Cet article a été écrit par Dennis Showalter et a été initialement publié dans le numéro de janvier 2003 de La Seconde Guerre mondiale magazine. Pour plus de bons articles abonnez-vous à La Seconde Guerre mondiale magazine aujourd'hui !


Les Soviétiques l'emportent

L'opération Uranus était la contre-offensive soviétique, qui a été lancée le 19 novembre, et six armées ont attaqué les Allemands depuis le nord, ciblant le flanc le plus faible de l'armée de Paulus. En quelques heures seulement, l'armée de Paulus avait été découpée et était en lambeaux. Trois autres armées ont attaqué un jour plus tard, cette fois par le sud, et ont enfoncé l'avantage, en paralysant l'armée allemande par l'arrière. Le 23 novembre, deux autres armées soviétiques attaquent les Allemands par l'ouest et capturent la 6 e armée de Paulus.
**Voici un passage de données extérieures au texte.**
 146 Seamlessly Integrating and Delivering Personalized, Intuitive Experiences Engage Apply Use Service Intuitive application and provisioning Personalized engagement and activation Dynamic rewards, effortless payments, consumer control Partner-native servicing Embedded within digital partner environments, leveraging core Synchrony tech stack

"Centre de Stalingrad après la libération." Le centre de la ville de Stalingrad après la libération de l'occupation allemande. Par RIA Novosti – CC BY-SA 3.0

Paulus aurait dû s'échapper à ce stade et revenir se battre un autre jour, mais trois personnalités ont empêché cela de se produire. Elle entraîna la mort lente de la 6 e armée et brisa l'aura d'invincibilité des Allemands. La première personnalité était celle de Paulus, car il n'a pas pris la décision rapide de battre en retraite lorsque son armée était attaquée de tous les côtés. La deuxième personnalité était Herman Göring qui a promis d'envoyer du soutien et des fournitures à la 6 e armée, qui comprendraient de la nourriture, du carburant et des munitions. Cependant, Göring était lent et n'a pas pu fournir les ressources à temps. La 3 e personnalité était Hitler lui-même, qui a insisté pour que la 6 e armée résiste et se batte, au lieu de déshonorer la réputation d'Hitler.

Les Allemands se rendent compte que la 6 e armée ne peut pas être sauvée et la longue bataille se poursuit jusqu'au 30 janvier. Hitler encourageait toujours Paulus à se battre, en le soudoyant avec la promotion au général Field Marshall, mais Paulus s'est rendu le lendemain par des températures inférieures à zéro.


Voir la vidéo: Documentaire La bataille de Stalingrad 480p (Juin 2022).